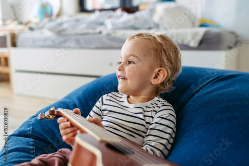 family, guitar, toddler, happy, music, playing, fun, song, smiling, cosy, musician, home, lifestyle, childhood, window, joy, connection, casual attire, candid, real people, playful, weekend, cheerful, carefree, emotion, hugs, warmth, well-being, soft light, copy space, moment, loud, sitting, creative, mental health
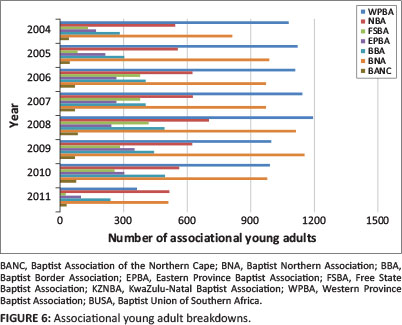 Figure 6 (below) depicts the 'associational' breakdown of young adults nationwide. The Western Province Baptist Association (WPBA) has experienced the greatest decline in young adult membership and participation since 2004, alongside the BNA and BBA. The only region to maintain a reasonable young adult segment in churches is the Natal Baptist Association (NBA), which incidentally, according the Statistics South Africa's (2011:14) mid-year report, has the greatest population of young adults in South Africa (aged 20-24), and the second largest population of young adults in South Africa (aged 25-29) by a small margin compared to Gauteng. The same report records KwaZulu-Natal as having the lowest number of people migrating outward (-10 174) in the years 2001-2006. In the period between 2006-2011 this trend changes somewhat with KwaZulu-Natal currently being the third largest region in terms of in-migration figures in South Africa (Statistics South Africa 2011:13). Thus, despite the NBA's steady growth in the young adult segment, it is not nearly as significant as the overall growth trend within the NBA region.
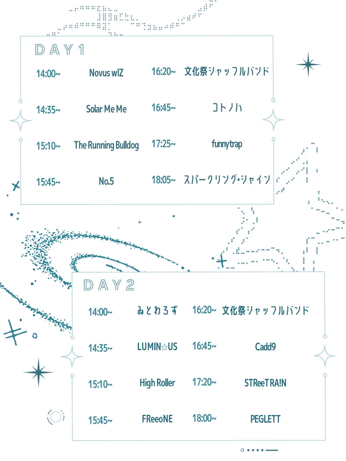 【出演】Novus wIZ/Solar Me Me/The Running Bulldog/No.5/文化祭シャッフルバンド/コトノハ/funny trap/PEGLETT
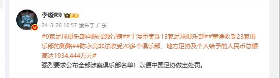 李璇:强烈要求公布全部涉案俱乐部名单!以便中国足协做出处罚。
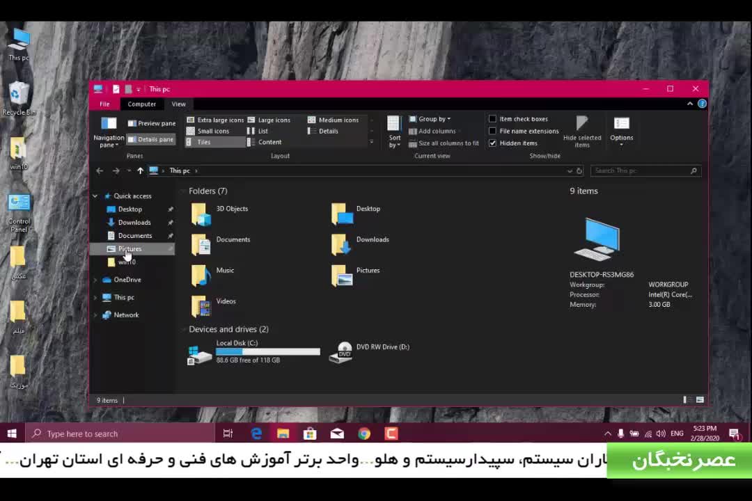 آموزش رایگان کامپیوتر در آموزشگاه عصرنخبگان - بررسی فایل اکسپلورر
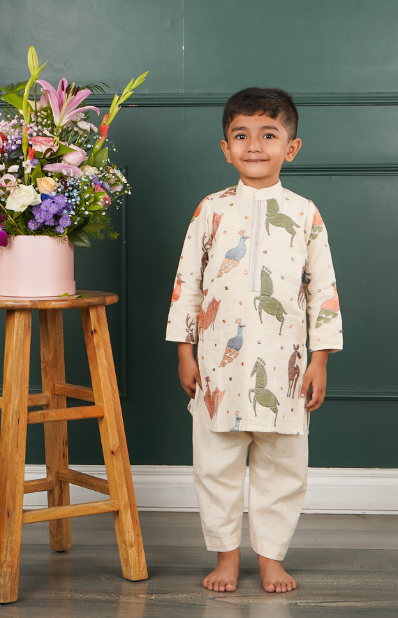 The Kurta and Salwar Set is a delightful outfit crafted from soft linen cotton and mal fabric. The cream kurta is adorned with charming bold animal motifs, adding a playful and elegant touch, and is paired with a comfortable salwar.
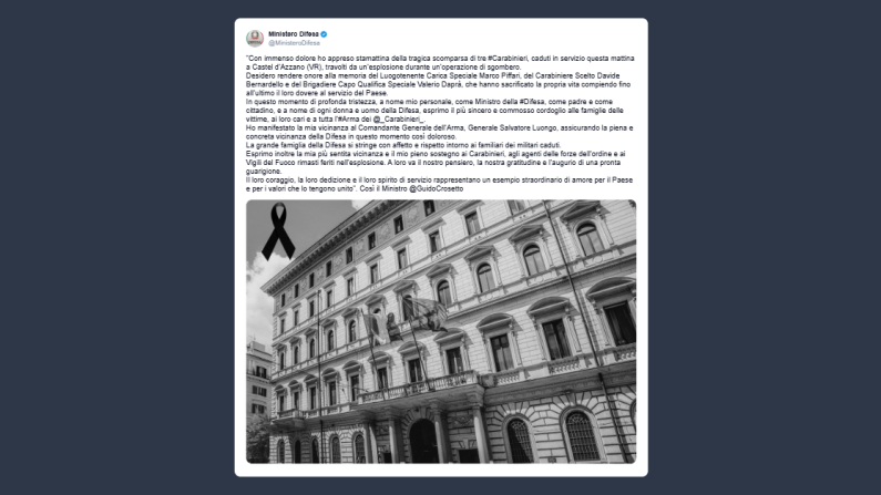 Il ministero della Difesa ha riportato su X il commento del ministro della Difesa Guido Crosetto sulla tragica morte dei tre Carabnieri caduti in servizio questa mattina a Castel d’Azzano (VR), a causa di una esplosione avvenuta durante un’operazione di sgombero. «Desidero rendere onore alla memoria del Luogotenente Carica Speciale Marco Piffari, del Carabiniere Scelto Davide Bernardello e del Brigadiere Capo Qualifica Speciale Valerio Daprà, che hanno sacrificato la propria vita compiendo fino all’ultimo il loro dovere al servizio del Paese – In questo momento di profonda tristezza […] a nome di ogni donna e uomo della Difesa, esprimo il più sincero e commosso cordoglio alle famiglie delle vittime, ai loro cari e a tutta l’Arma dei Carabinieri.
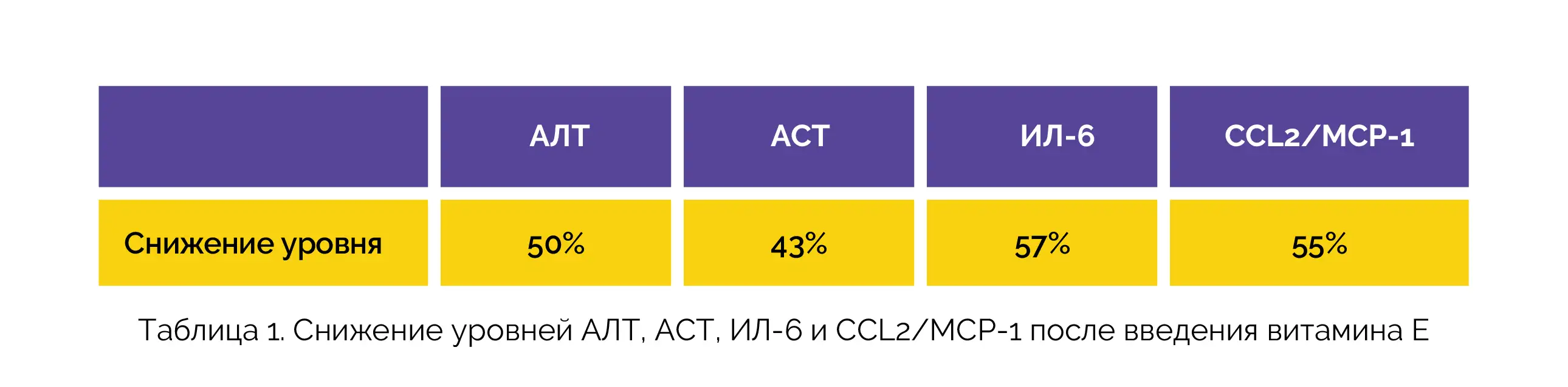 У участников после терапии витамином Е, УДХК и пентоксифиллином отмечалось статистически значимое снижение уровней аминотрансфераз печени, сывороточных хемокинов и цитокинов. В группе применения витамина Е уровни аминотрансфераз печени, сывороточных хемокинов и цитокинов статистически значимо снизились по сравнению с группами применения УДХК и пентоксифиллина (см. таблицу 1).
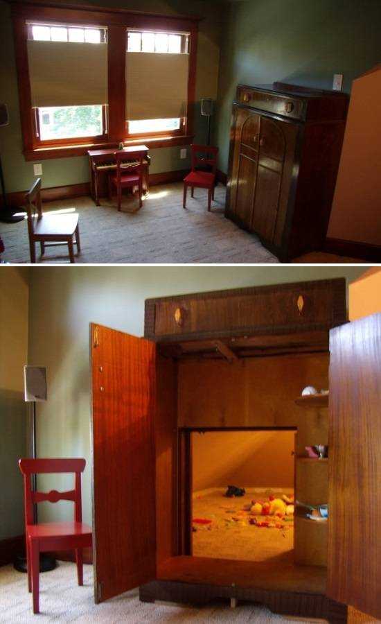 В обычном шкафу за платьями… скрывается вход в тайную комнату. Все как в сказочной Нарнии! Хорошая идея для любящих родителей.
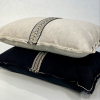 Almofadas em lona de puro algodão, com galão francês, bordadas, desfiadas e pré-lavadas.
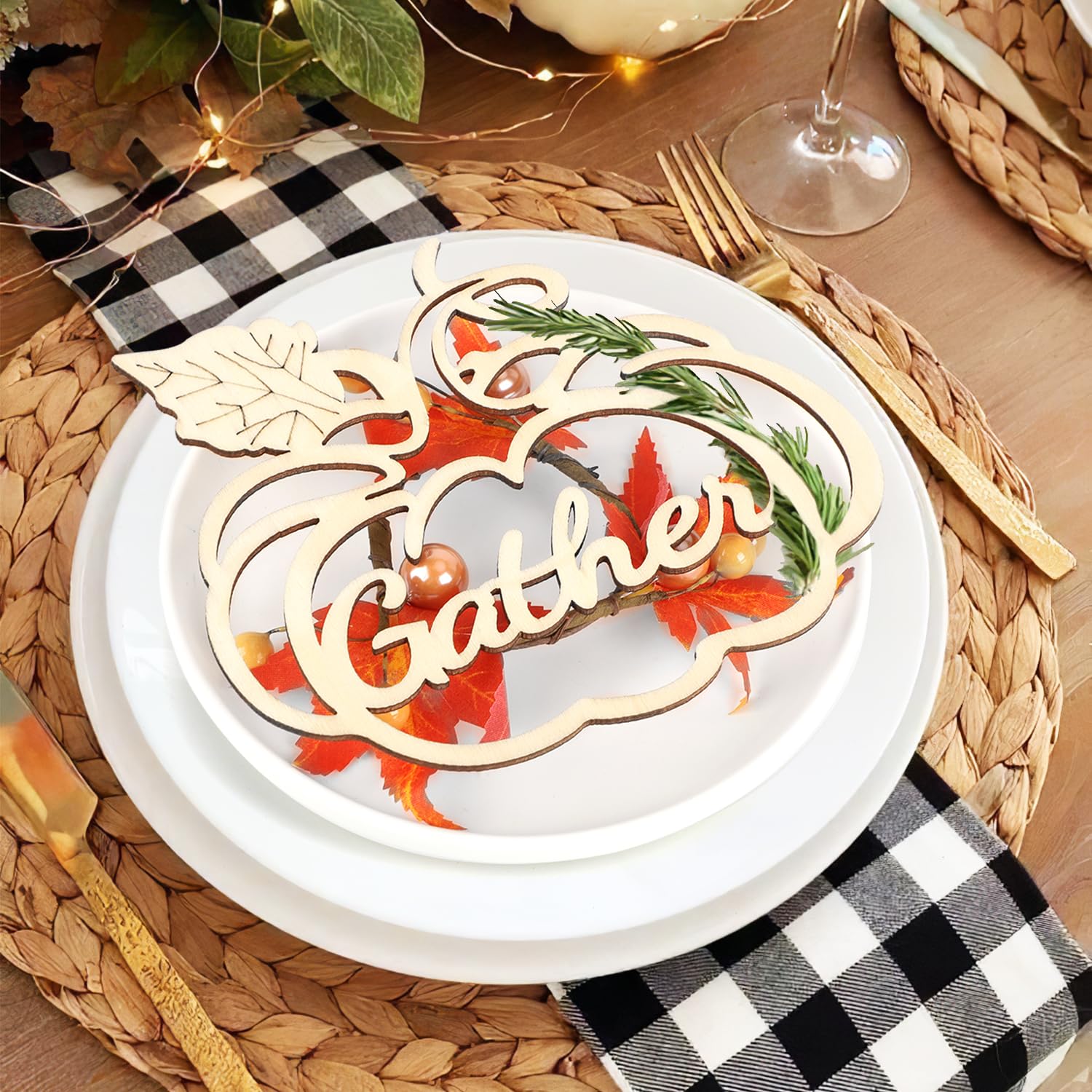 12 Pcs Thanksgiving Pumpkin Wooden Plate Decor Grateful Wood Cutouts Fall Autumn Thankful Blessed Favour Gather Party Place Card Table Settings Signs for Farmhouse Dining Table Holiday Harvest
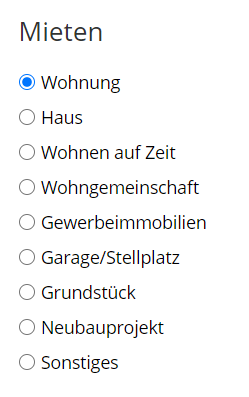 Во делот Was suchen Sie? едноставно изберете дали барате изнајмување, купување, изградба или друго. За изнајмување можете веднаш да изберете каков вид на објект барате, како што можете да видите на сликата подолу:
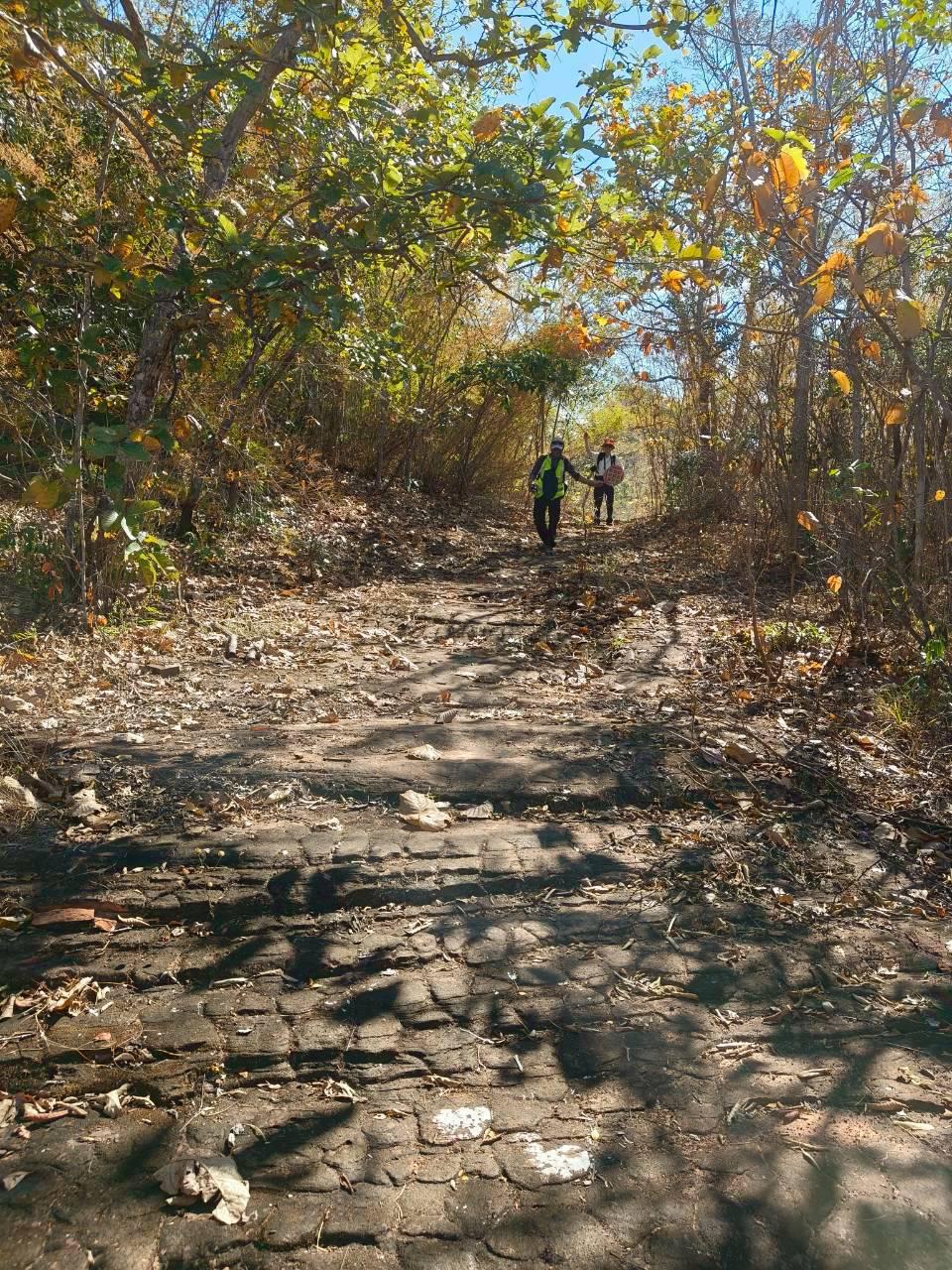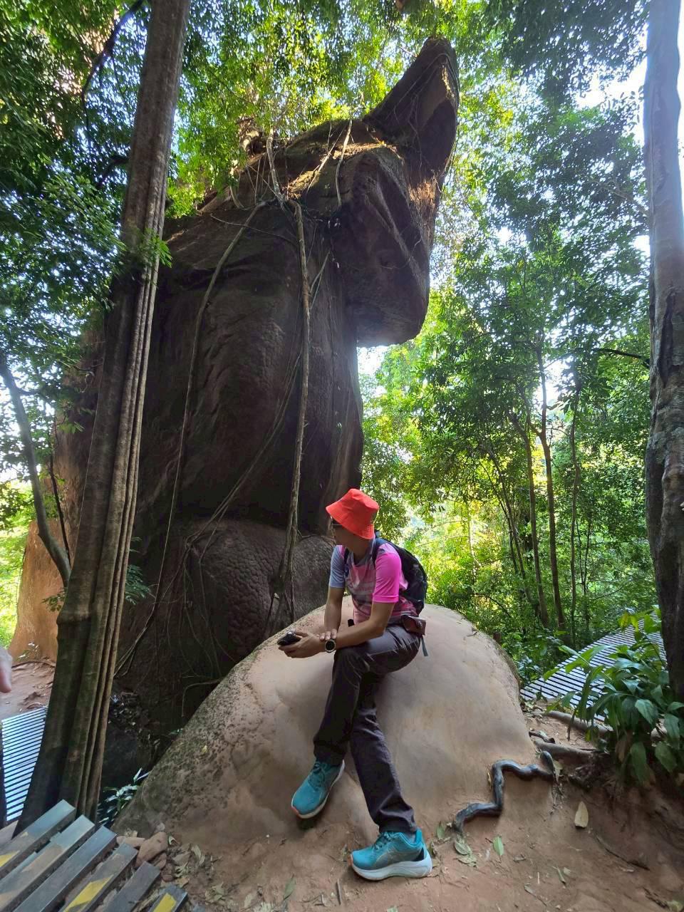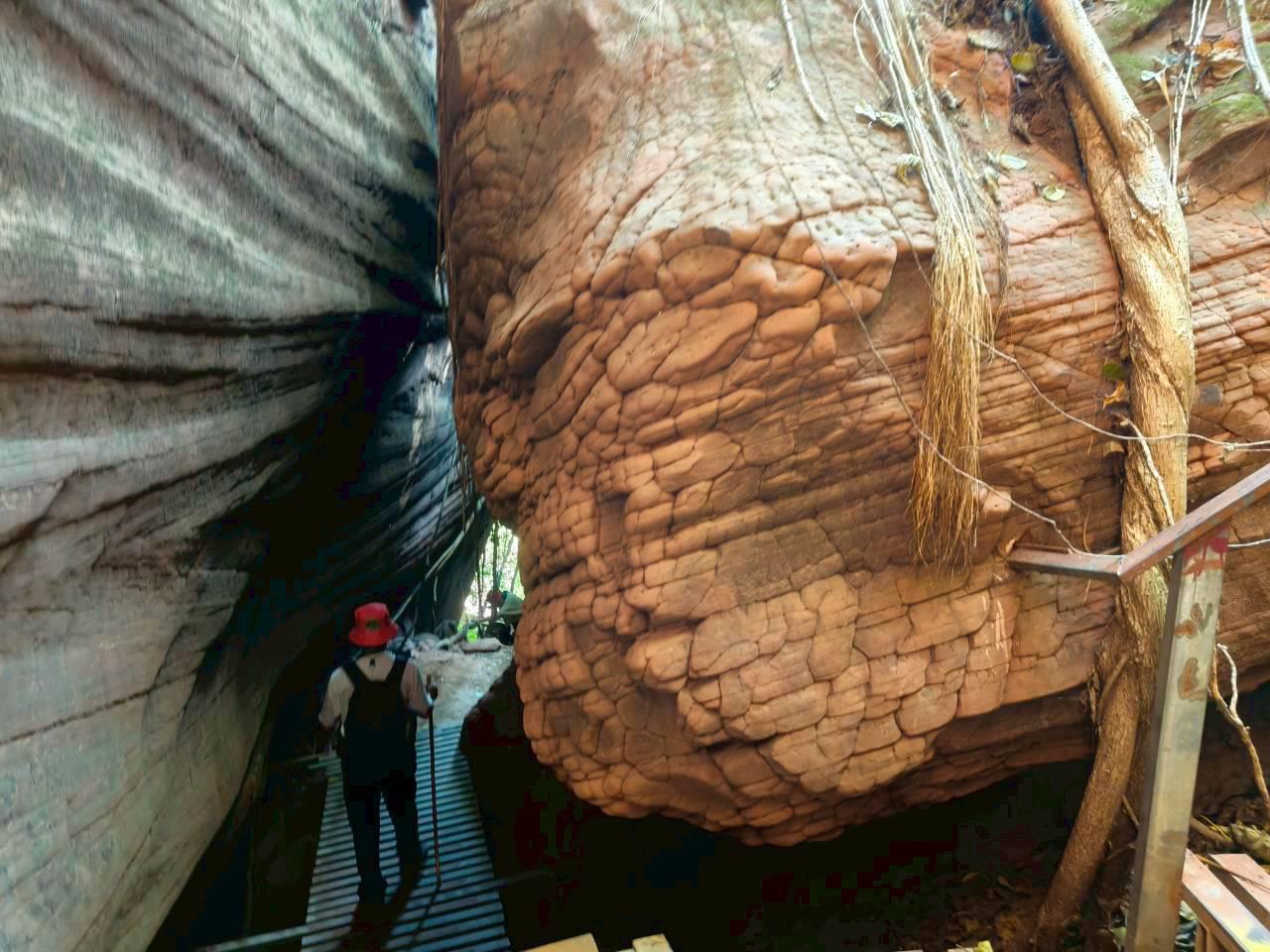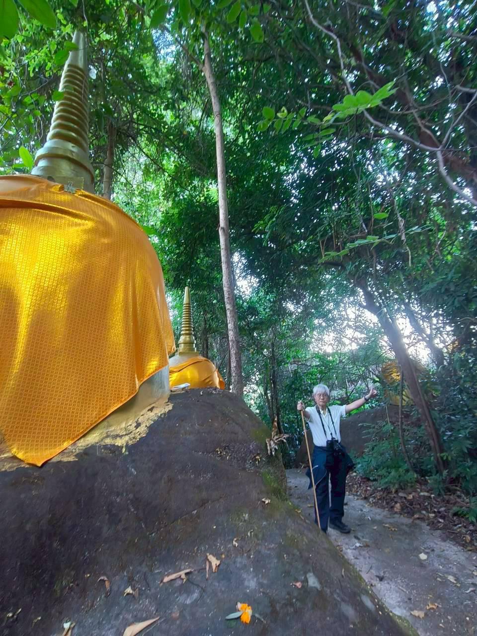 พอเห็นแบบนี้สว.หลายคนก็น่าจะถอยครับเราจึงปรับเป็น เดินสำรวจ 2 วัน คือวันแรกไปขึ้นแค่ถ้ำนาคีแล้วกลับทางเดิมช่วงนี้ไปกลับ 4.9 km ทุกคนลงสนามครับ เราต้องมีไกด์ครับ ก็เป็นอาสาสมัครของทางอุทยาน ซึ่งก็ให้ความรู้และแนะนำเส้นทางได้อย่างดี

--------------------------------

* ABOUT THIS TASK: What do the entries above read from the line containing "آموزش رایگان کامپیوتر" through the line containing "The Kurta and"? Output those lines exactly, both ends included, with the pictures left out.

* SOLUTION TO THIS PROBLEM:
 آموزش رایگان کامپیوتر در آموزشگاه عصرنخبگان - بررسی فایل اکسپلورر
 The Kurta and Salwar Set is a delightful outfit crafted from soft linen cotton and mal fabric. The cream kurta is adorned with charming bold animal motifs, adding a playful and elegant touch, and is paired with a comfortable salwar.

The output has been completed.